Вот и сейчас ганзейский босс, сидя в удобном мягком кресле и барабаня холеными пальцами по прозрачной столешнице, наблюдал за снующими по миниатюрным коридорчикам из оргстекла голыми землекопами и размышлял, какие плюсы можно извлечь из сложившейся ситуации. Сзади, за левым плечом, стоял секретарь.
– Значит, они сумели пройти сквозь глаберов и уничтожить группу Алексея Грабова, – задумчиво произнес Главный менеджер. – Жалко зверушек, мутантиков ведь не один год растили…
– Этого не смогли даже проклятые коммунисты с Красной Линии, – заметил секретарь.

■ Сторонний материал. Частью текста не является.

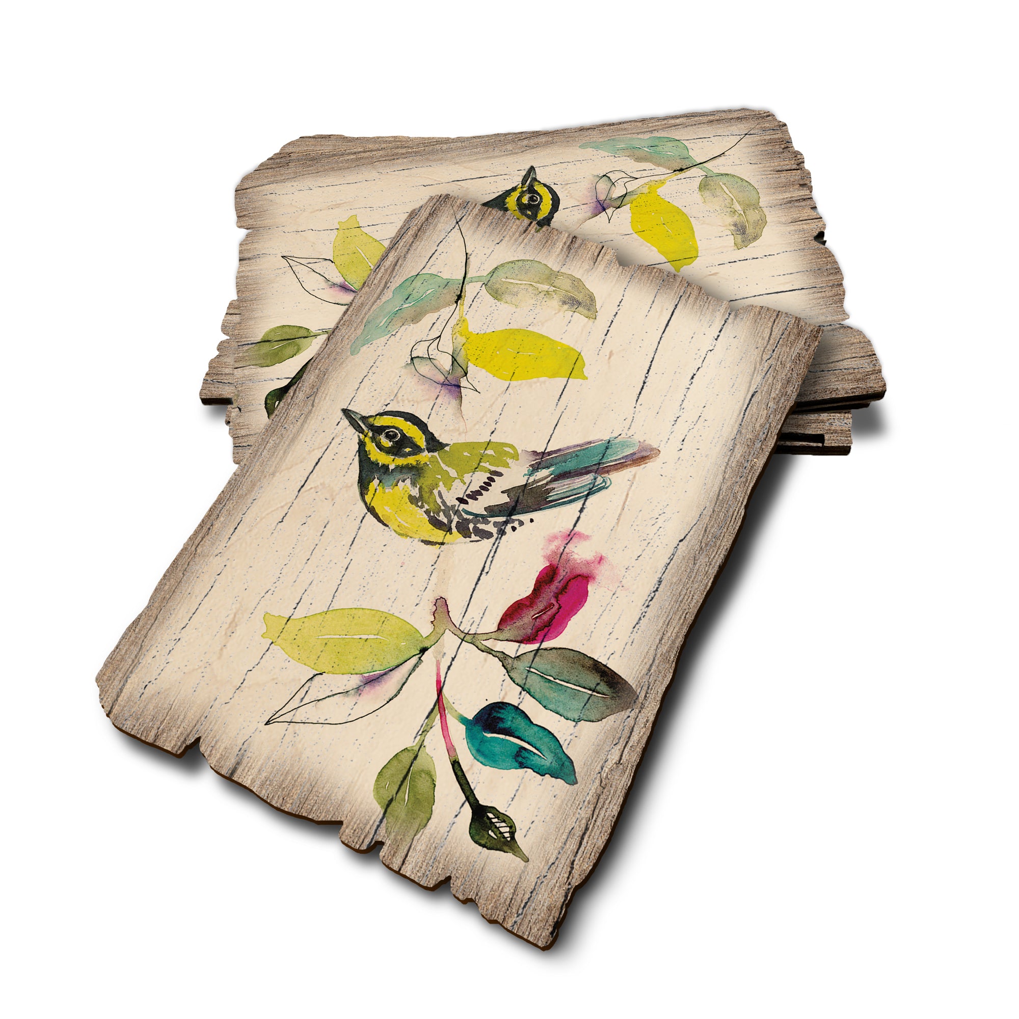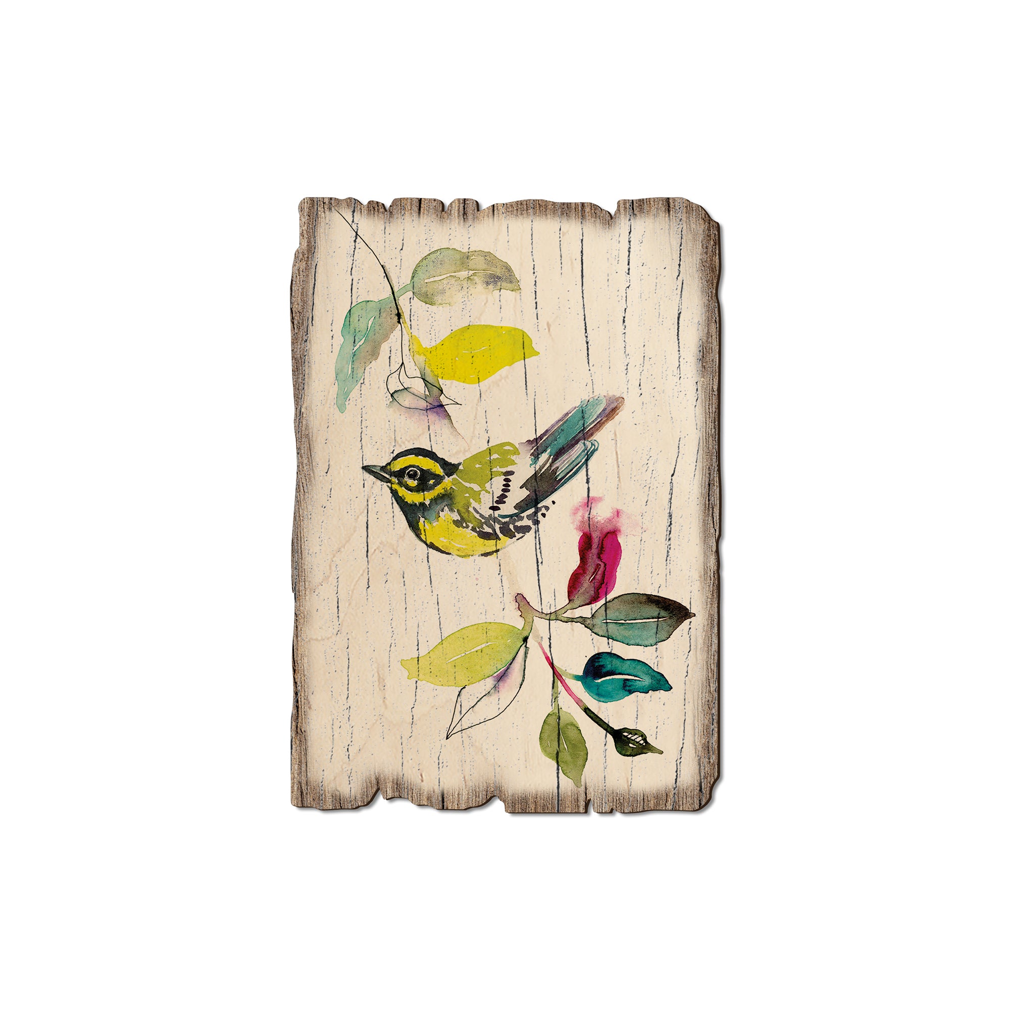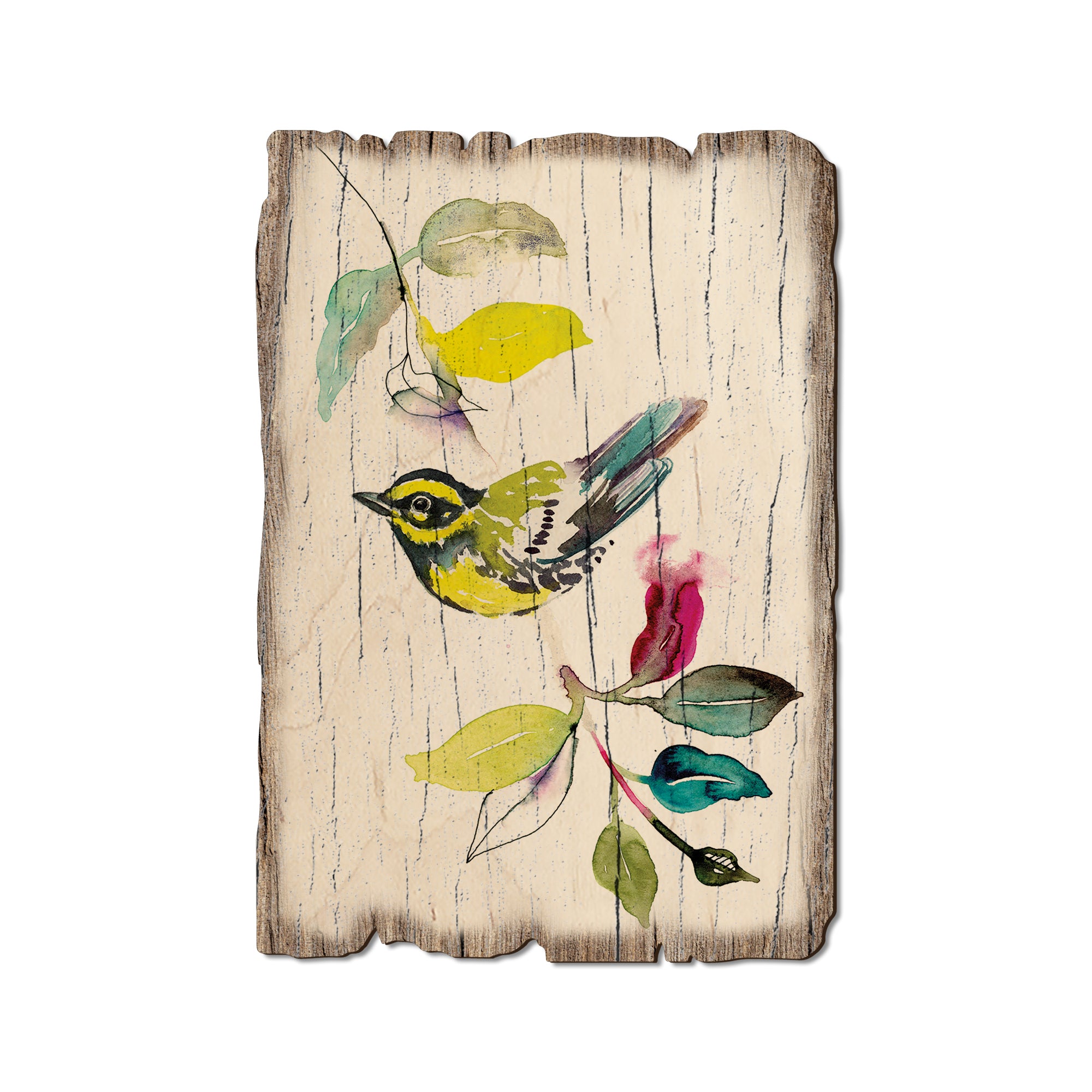 - Laser charred edge and colorful imagery creating arustic and weathered look.

– Еще бы, ведь мы подсунули им фальшивый крем, – Главный менеджер криво усмехнулся, повернув голову в сторону собеседника, – это ваша идея, Велислав Андарбекович. Я бы сказал, блестящая идея: спровоцировать ложную утечку информации, на которую повелись лучшие разведчики краснолинейцев.
Мужчина в клетчатом пиджаке, с лицом, чем-то напоминающим морду очень умного сурка, застенчиво улыбнулся, но ответил не без гордости:
– Я всего лишь скромный советник при гениальном руководителе.
– Ну да… ну да… – как бы нехотя согласился ганзейский босс. – Вы расшифровали бредни шпионов Полиса? Что там агент Спица прислал этому чудаку, Верховному Хранителю Книг?
– Разумеется, – сказал секретарь, – глупцы из Полиса полагают, что, общаясь по телефону на санскрите с элементами эзопова языка, они могут скрыть от нас смысл своих сообщений.
– И что там?
– Очевидно, Верховный Хранитель считает некоего Кухулина, прибывшего из-за МКАДа, избранным и желает использовать его в своих гнусных целях.
– А что думаете вы? – спросил Главный менеджер.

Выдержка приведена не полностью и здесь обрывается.